Speaking of connections — how exactly should employees access company resources? Historically, Virtual Private Networks (VPN) were used. But VPNs can grant users too much access to company networks that host sensitive information.

Zero Trust Network Access (ZTNA) grants access on a per-app basis by using context-aware access policies. Only verified users on compliant devices can connect, keeping your data out of attackers’ hands.

So what defines a “verified user”? The user must:

• Provide the correct credentials
• Pass multifactor authentication
• Behave as expected (location, time of day, other identifiers, etc.)

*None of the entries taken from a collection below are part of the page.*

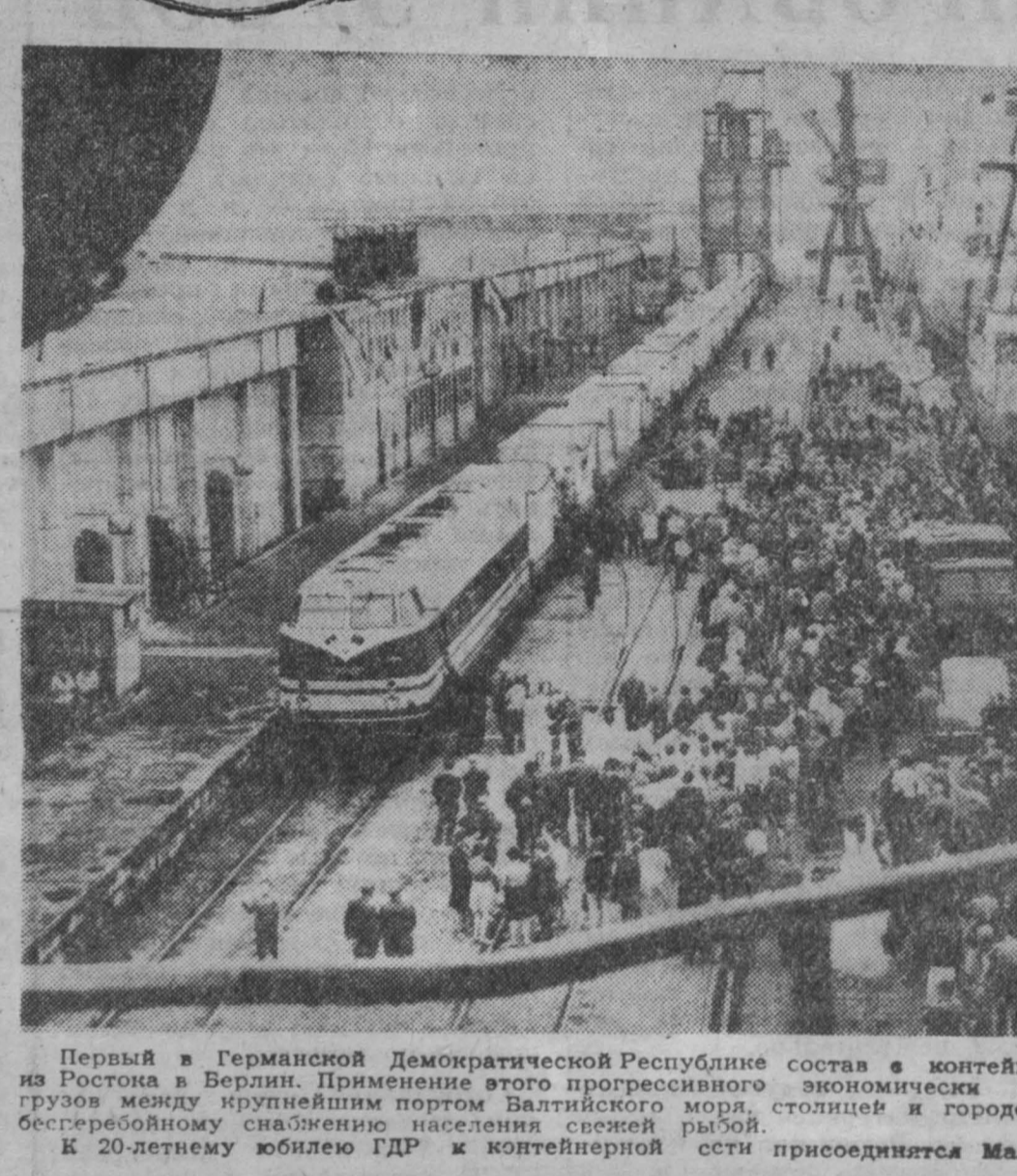
Первый в Германской Демократической Республике состав в контейнерах-рефрижераторах отправился на Ростоки в Берлин. Применение этого прогрессивного экономичного метода транспортировки грузов между крупнейшим портом Балтийского моря — столицей и городом Дрезденом будет способствовать бесперебойному снабжению населения свежей рыбой.
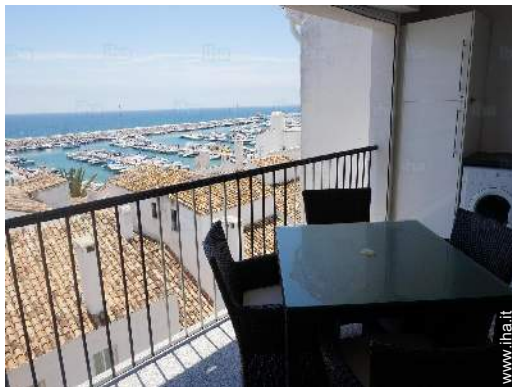
vista dal terrazzo coperto
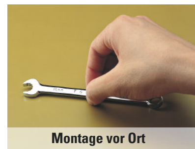
Montage vor Ort

Pflege unter optimalen ergonomischen Bedingungen? – Wir beraten Sie gerne!
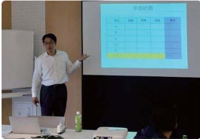
事例を挙げたわかりやすく説明が好評
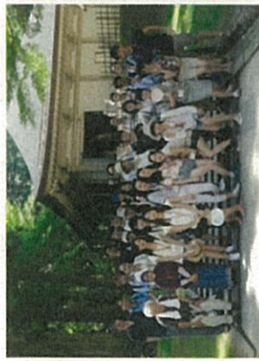
フィールドスタディ（見学旅行）

Threat detection and response

Even if you use devices that are the most secure out of the box, it isn’t enough by itself. You need threat detection capabilities that go beyond the native features. Threat detection and prevention on mobile devices needs to be able to identify and block:

• Malware
• Phishing attacks
• Network attacks
• Malicious websites

By monitoring your devices for suspicious activity, your endpoint protection software can prevent these attacks from compromising your data. When integrated with your MDM solution, you can identify when devices are out of compliance and remediate the issue.

Protecting vulnerable mobile endpoints

With Jamf for Mobile, organizations get all the capabilities needed to unlock mobile's power at work by providing mobility and security teams with visibility and control to secure mobile devices — without disrupting the user experience. With key capabilities to help plan, deploy and scale devices, we enable teams to:

• Extend workflows with secure access to critical applications anywhere employees work
• Provide mobility and security teams with visibility and control to protect devices while preserving native mobile experiences
• Secure both 1:1 device assignments and shared device use cases
• Establish baselines that are compliant with organizational and regulatory frameworks

We help organizations transform the way employees work by transforming what mobile devices can do, with a solution that prioritizes the user experience, integrates IT systems and extends business workflows, transforming mobility at work.